▸ Work to be completed
In the records below, find the line containing "3.上下滑动找到【简约紫藤花架】家具,勾选后点击右侧的【购买】;" and the line containing "- С помощью". Give again exactly those lines and every line between them, omitting the pictures.

** Opening Materials provided block **

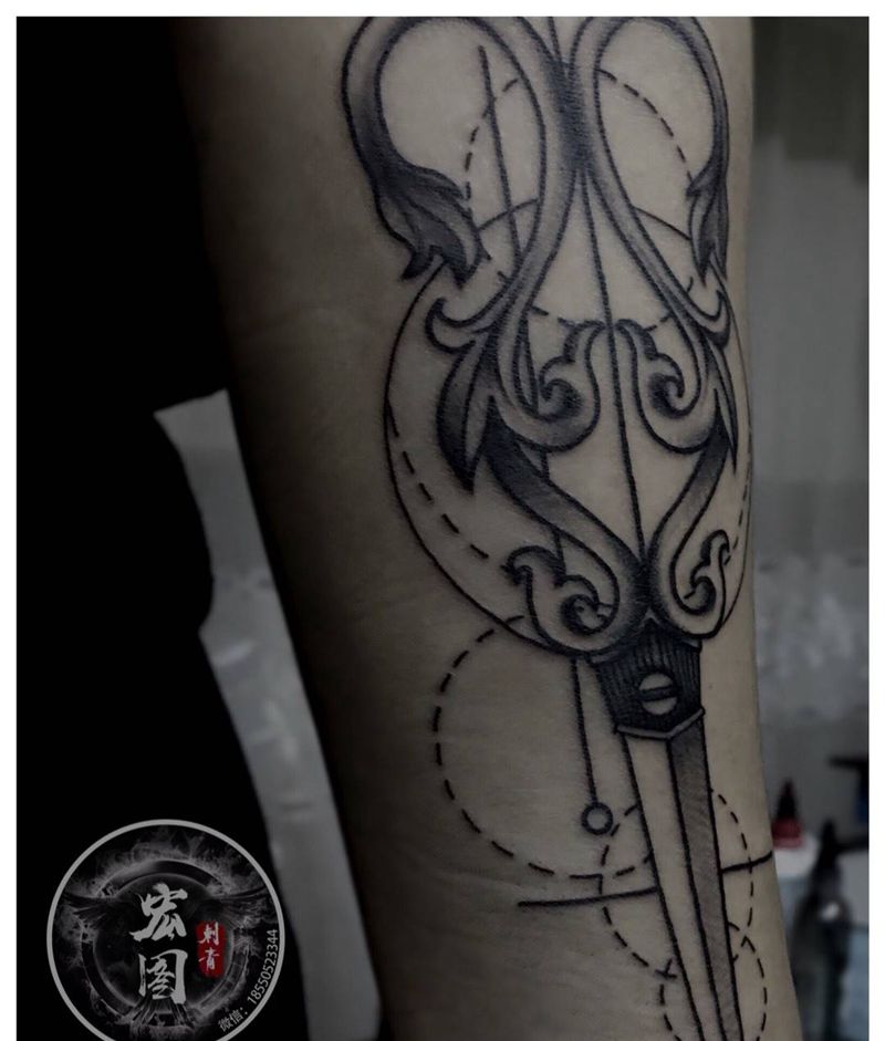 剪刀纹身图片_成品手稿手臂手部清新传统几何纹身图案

** Closing Materials provided block **
** Opening Materials provided block **

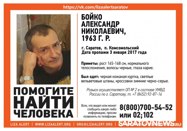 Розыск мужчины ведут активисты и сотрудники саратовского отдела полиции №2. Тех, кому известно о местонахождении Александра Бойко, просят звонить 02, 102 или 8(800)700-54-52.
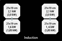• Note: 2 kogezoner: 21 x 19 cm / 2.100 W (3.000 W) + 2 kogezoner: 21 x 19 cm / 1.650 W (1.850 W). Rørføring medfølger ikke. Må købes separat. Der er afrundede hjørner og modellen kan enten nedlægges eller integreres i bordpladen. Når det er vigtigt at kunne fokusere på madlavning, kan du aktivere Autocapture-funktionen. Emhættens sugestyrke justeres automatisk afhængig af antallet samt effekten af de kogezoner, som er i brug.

** Closing Materials provided block **
** Opening Materials provided block **

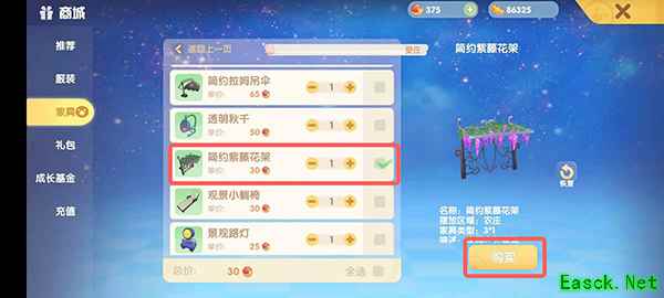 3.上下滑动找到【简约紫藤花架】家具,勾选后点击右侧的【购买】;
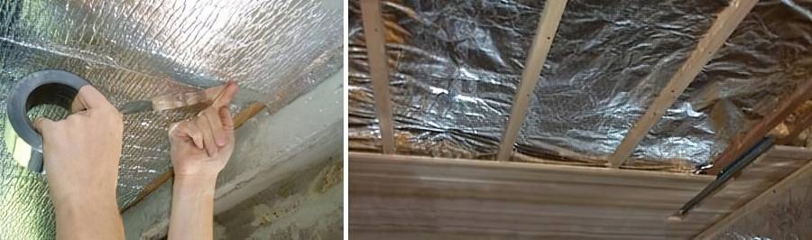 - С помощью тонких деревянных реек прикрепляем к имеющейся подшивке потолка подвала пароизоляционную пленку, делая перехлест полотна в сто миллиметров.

** Closing Materials provided block **

▸ Written reply
 3.上下滑动找到【简约紫藤花架】家具,勾选后点击右侧的【购买】;
 - С помощью тонких деревянных реек прикрепляем к имеющейся подшивке потолка подвала пароизоляционную пленку, делая перехлест полотна в сто миллиметров.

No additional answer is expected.